Most importantly, the higher MODS and infection rates were not translated into a higher mortality rate with methylprednisolone than dexamethasone. While we did not statistically adjust for SOFA scores or age, the relatively young patient population and low predicted mortality rate based on SOFA scores among our patients could have impacted the mortality rates in our analysis. Similarly, other studies demonstrated a reduction in 28-days and in-hospital mortality [10, 12,13,14]. Three of the studies mentioned included more elderly patients and had used more immunomodulators [10, 12, 13]. Another study included patients with much lower CRP than ours, indicating a less acute COVID-19 inflammation [14]. These factors could be attributed to the lower mortality rates in other studies. In contrast to other studies, we reported similar outcomes between methylprednisolone and dexamethasone on ventilator-free days and respiratory failure requiring MV [10, 12, 34]. The low need for MV at admission and lower ICU admission rates in the previously published studies might explain the differences in our findings.

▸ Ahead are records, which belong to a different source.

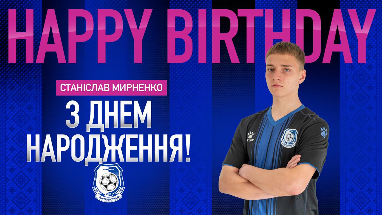 Колектив ФК «Чорноморець» вітає з днем народження футболіста другої команди Станіслава МИРНЕНКА, якому сьогодні виповнюється 18 років. Бажаємо здоров’я, удачі, благополуччя та яскравої спортивної кар'єри!
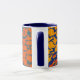 Tasse blanche avec jante et poignée bleu foncé, décorée de poissons orange sérigraphiés sur un arrière - plan bleu foncé
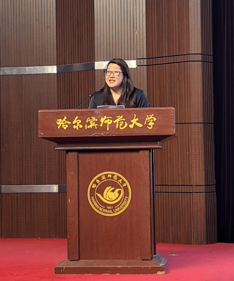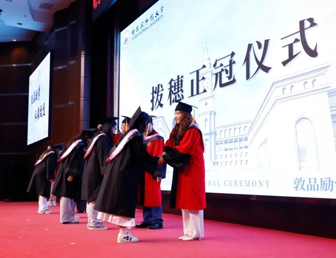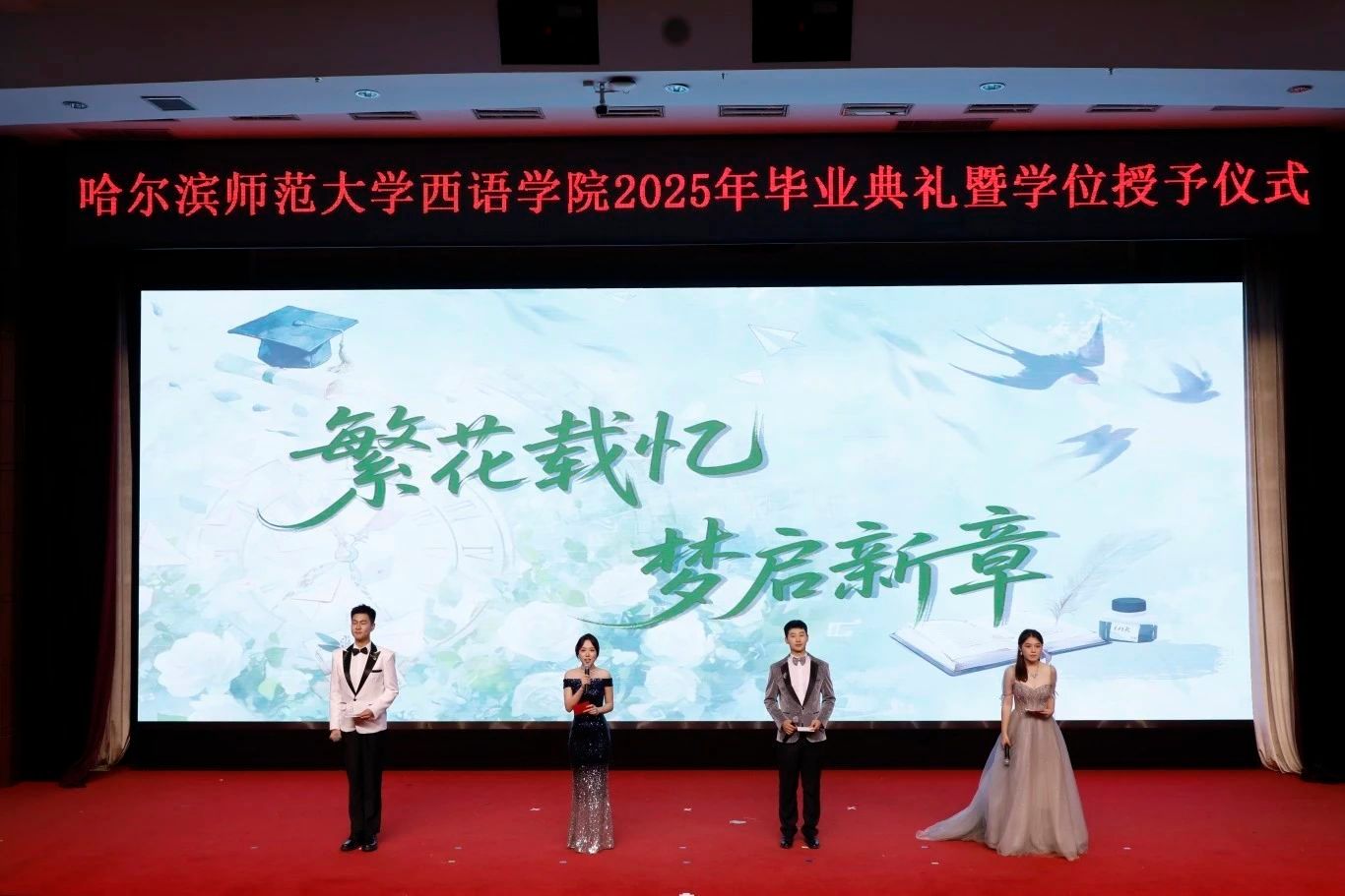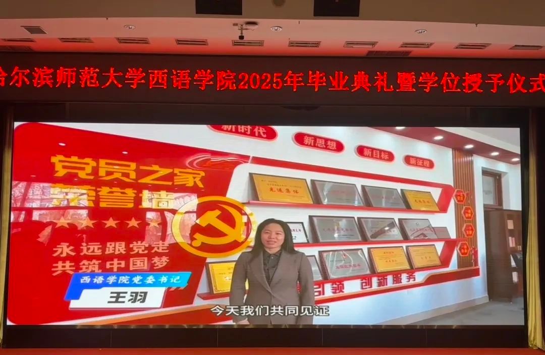 的憧憬,感恩学院师长严谨治学、倾囊相授,同窗携手奋进、共探学术。身为党员,他牢记“传播中国声音”的使命。以登山喻学术路,感恩母校教师如灯塔引航。最后,他号召带着母校精神与文化行囊,勇赴星辰大海,在世界舞台标注哈师大人的高度。

Our study has a few limitations, including its retrospective nature which limit capturing some important variables such a; medications used prior to ICU admission, as well as onset of complications such as infections and relatively small sample size. In addition, our primary outcome MODS was only assessed at day three which limits the evaluation of the variation in MODS scores between the two groups over a continuous period. On the other hand, this study has some strengths, including multicenter patient recruitment, and PS matching was used to eliminate a greater portion of bias and create a balanced dataset.

Conclusion

This study showed a lower MODS on day three of ICU admission in critically ill patients with COVID-19 treated with dexamethasone. However, both interventions had a similar mortality rate. Future RCTs are needed to confirm our findings and to assess MODS over an extended period during ICU stay.